Each of the centres is treated separately, of course, so Helen has been dealing with different local authorities. “St Albans Council have been pretty good to me, but the neighbouring borough, Dacorum, has been very difficult to communicate with and that’s where my biggest site is,” said Helen. “I have been writing to my MP twice a week and I do play off St Albans against Dacorum, because it seems unfair that there can be such disparity in the way that neighbouring boroughs apply the criteria. I have told them that it is possible to change your criteria and they can give any money they have left to businesses who really need it. Having been rejected twice, I have now been assured that I will get an additional restrictions grant. I don’t know how much I’ll get, but they have pretty much said ‘stop writing!’’
Adult fees
DJ’s Play managed to trade profitably while it was open between Lockdowns, said Helen, partly because she had introduced a £1.50 entry charge for adults during the February half term. “We wondered whether it was a bad time to introduce it because no-one was going to come and play during Lockdown, but actually it was exactly the right thing to do because of the increasing costs [of being COVID-safe] and reduced capacity when we reopened.

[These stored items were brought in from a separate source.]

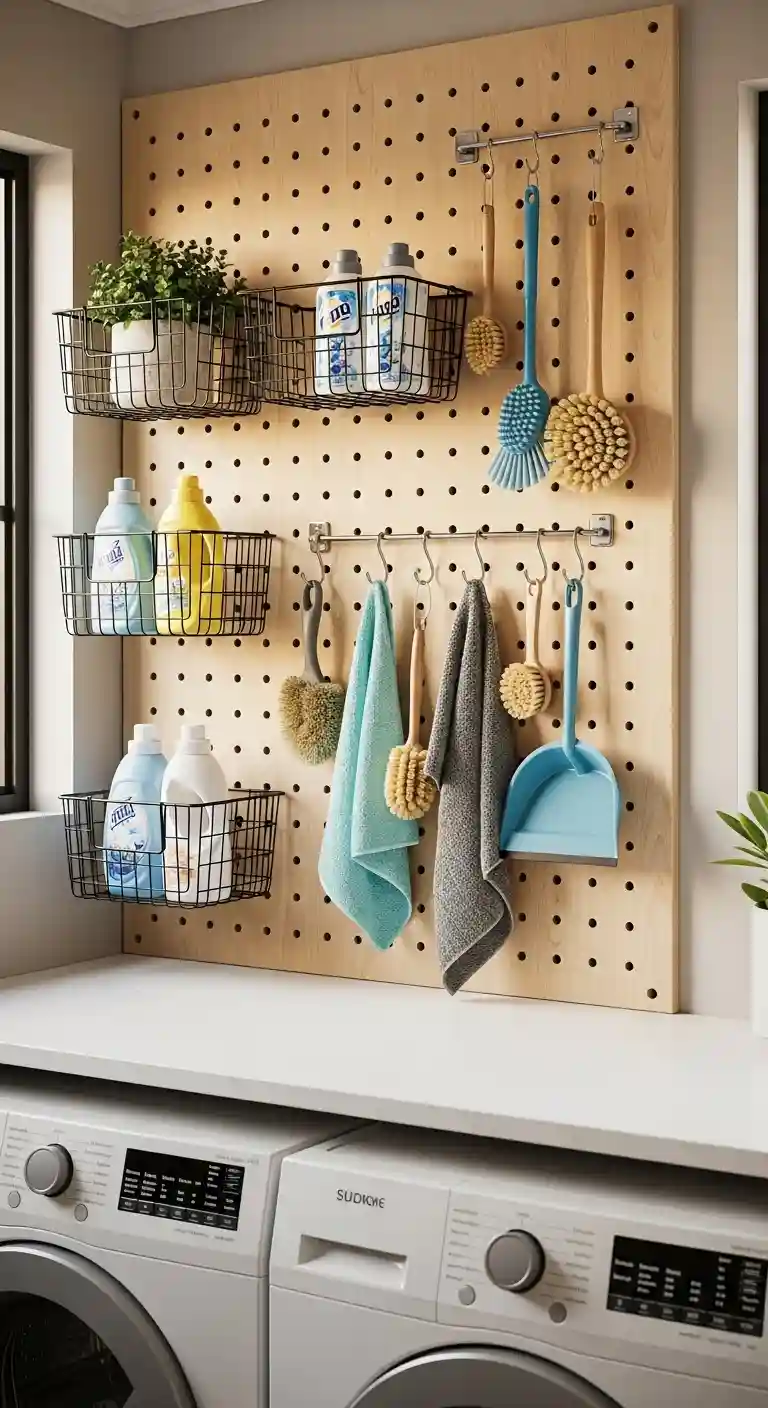 Hang small baskets, cleaning brushes, clothespins, or lint rollers for easy access.
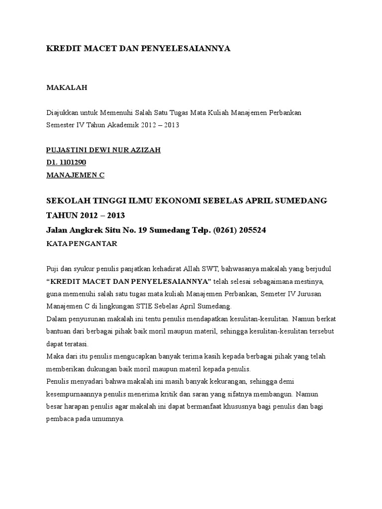 Contoh kasus kredit macet. by ZW Mardika · 2016 · Cited by 2 — PEMBENTUKAN POHON KLASIFIKASI BINER DENGAN ALGORITMA CART (CLASSIFICATION AND REGRESSION TREES) (Studi Kasus: Kredit Macet di PD. BPR-BKK Purwokerto Utara) by N Adiana · 2017 — ... dalam perjanjian kredit dengan jaminan fidusia (studi kasus: pt ... fidusia tersebut dan cara penyelesaian apabila kredit bermasalah. 19 Aug 2021 — Di sisi lain, suku bunga kredit baru perbankan di semua kelompok bank kembali naik ... di tengah peningkatan kasus Covid-19 pada Juni 2021. 14-05-2015 · Penyebab kredit macet adalah Klasifikasi Kemungkinan Penyebab Factor Eksternal Lingkungan usaha debitur Musibah atau kegagalan usaha Persaingan antar bank yang tidak sehat Faktor Internal Kebijakan perkreditan yang kurang menunjang Kelemahan system dan prosedur penilaian kredit Pemberian dan pengawasan kredit yang menyimpang dari prosedur Itikad yang kurang baik dari …
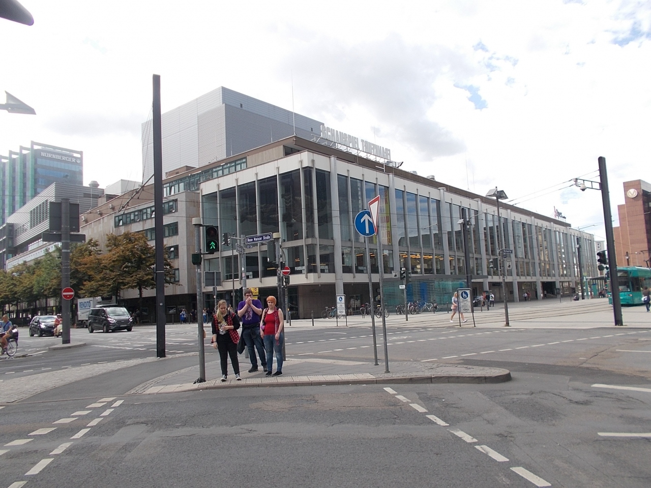 このフランクフルト歌劇場は旧市街地の西側にあります。かつての城壁後の緑地帯の中にあります。ここはオペラハウスです。全面がガラス張りの近代的な建物です。周りの建物とは次元が違う姿です。オペラハウスが2つもあるフランクフルトの芸術への関心度が感じられます。
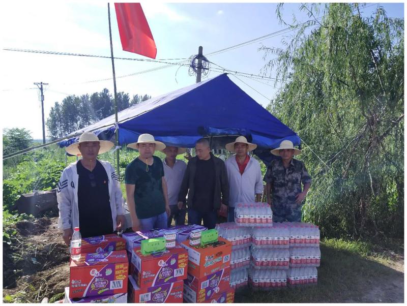 8月1日下午,焦崗湖農場公司領導帶領工會負責人到防汛工作一線,開展“送清涼”慰問活動。潘村湖農場公司為巡堤人員提供充足的飲用水和毛巾、草帽、藿香正氣水、風油精等防暑用品,每天按時將熱騰騰的盒飯送到堤防一線。8月2日上午,又在防汛棚配置了遮陽網、移動式發電機和電風扇,切實保障巡堤人員防暑降溫。
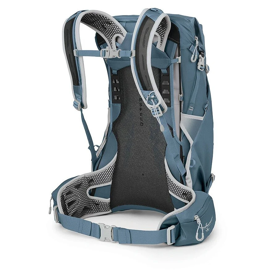 Ovaj izdržljivi i funkcionalni ženski ruksak kombinira izuzetno prozračni sustav za leđa AirSpeed™ s vodootpornom konstrukcijom glavnog pretinca (IPX5), tako da će vaša oprema ostati suha čak i za jakih kiša. Izrađen od 100% recikliranog najlona s bluesign® certifikatom, spaja ekološke materijale s tehničkom izvrsnošću po kojoj je Osprey poznat.
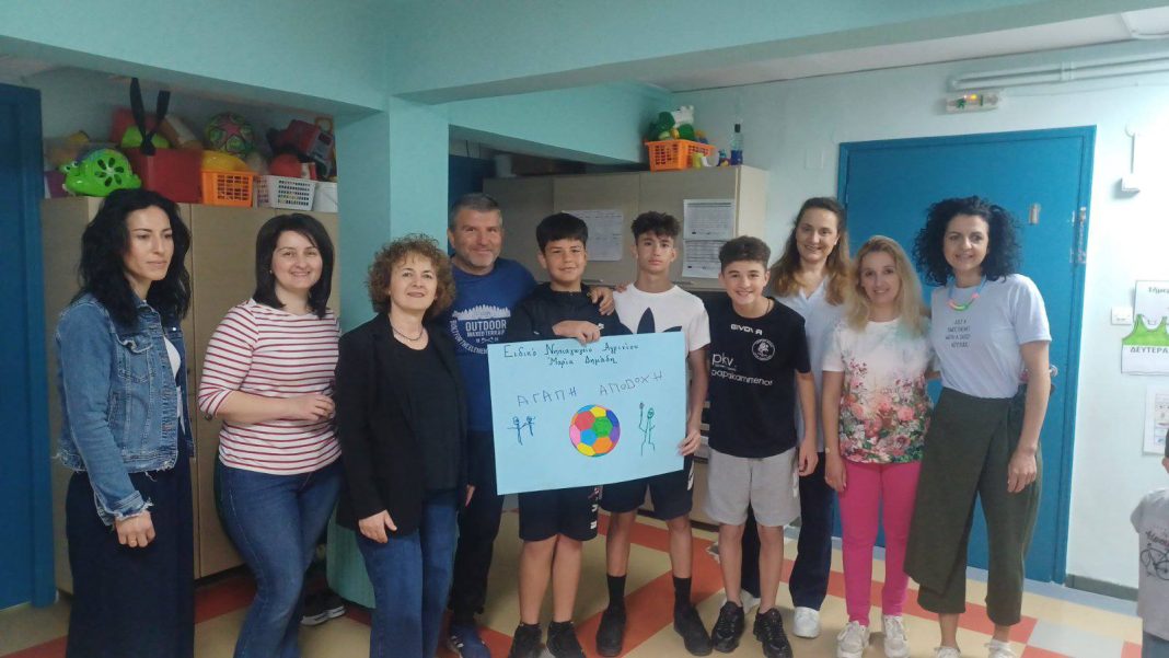 Από την Κ-14 της Ένωσης, το “παρών” έδωσαν οι ποδοσφαιριστές της ομάδας, Άλκης Παπαδημητρίου, Μάξιμος Σκαρτσάρης και Γιώργης Κουβαράς. Τα παιδιά του Συλλόγου, πρόσφεραν στα παιδιά του Ειδικού Σχολείου, μπάλα ποδοσφαίρου, ενώ αντίστοιχα έλαβαν μια υπέροχη ζωγραφιά με το μήνυμα για αγάπη και αποδοχή.

“It allowed us to make a few more thousand pounds than we would have done and it didn’t meet with any resistance. We know any price increase is unwanted – and adults often argued that we shouldn’t charge for them as they don’t even want to be here, particularly for parties. But we didn’t have parties last year, so that wasn’t an issue, and we also went to online bookings, which takes the confrontation out of the price point. They’ve already decided while booking online and as they’d paid, there was no discussion on reception.
“The general feeling is that prices will go up when we eventually reopen with restrictions as this is a premium activity and because everything will be more spaced out and there will be less children, customers should get a better experience. The timed sessions work quite well as it tends to spread things out across the day – we found that as our earlier sessions filled up, people would just book to come later.”
The views and opinions expressed in this article do not necessarily reflect the views of Morton Michel.